%%
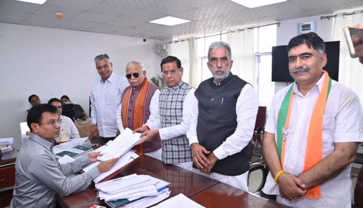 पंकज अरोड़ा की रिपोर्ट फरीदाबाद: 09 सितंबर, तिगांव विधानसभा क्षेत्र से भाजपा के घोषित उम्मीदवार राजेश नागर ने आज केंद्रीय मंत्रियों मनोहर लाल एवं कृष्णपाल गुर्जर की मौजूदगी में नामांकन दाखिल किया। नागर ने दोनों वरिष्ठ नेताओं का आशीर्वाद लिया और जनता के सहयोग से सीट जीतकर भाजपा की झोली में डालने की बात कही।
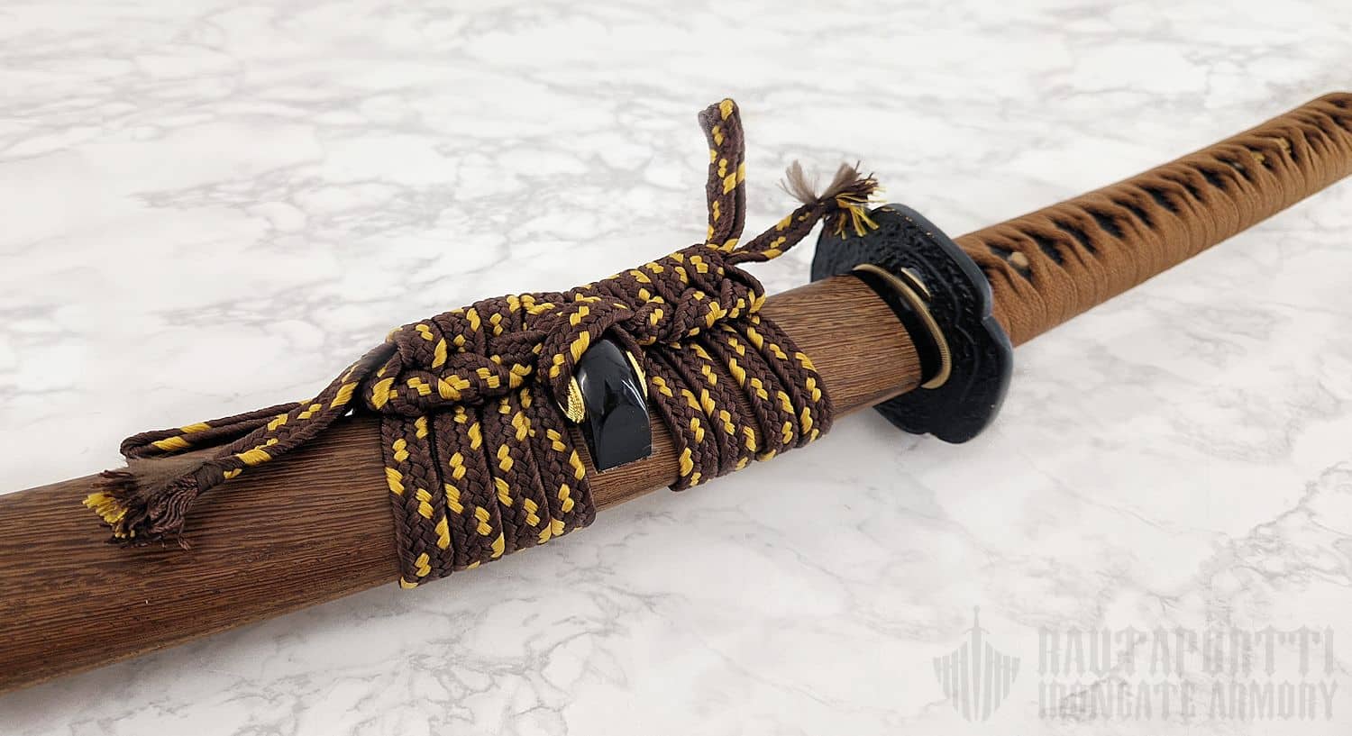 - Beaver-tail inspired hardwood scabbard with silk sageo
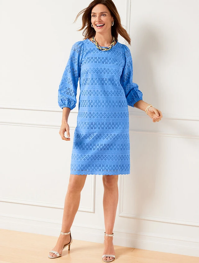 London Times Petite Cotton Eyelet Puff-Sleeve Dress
%%
# [Your task]
Your job is to restate, word for word, only the lines from the one holding "- Beaver-tail inspired" through the end of the material; pictures stay out.

# [Output for this task]
 - Beaver-tail inspired hardwood scabbard with silk sageo
 London Times Petite Cotton Eyelet Puff-Sleeve Dress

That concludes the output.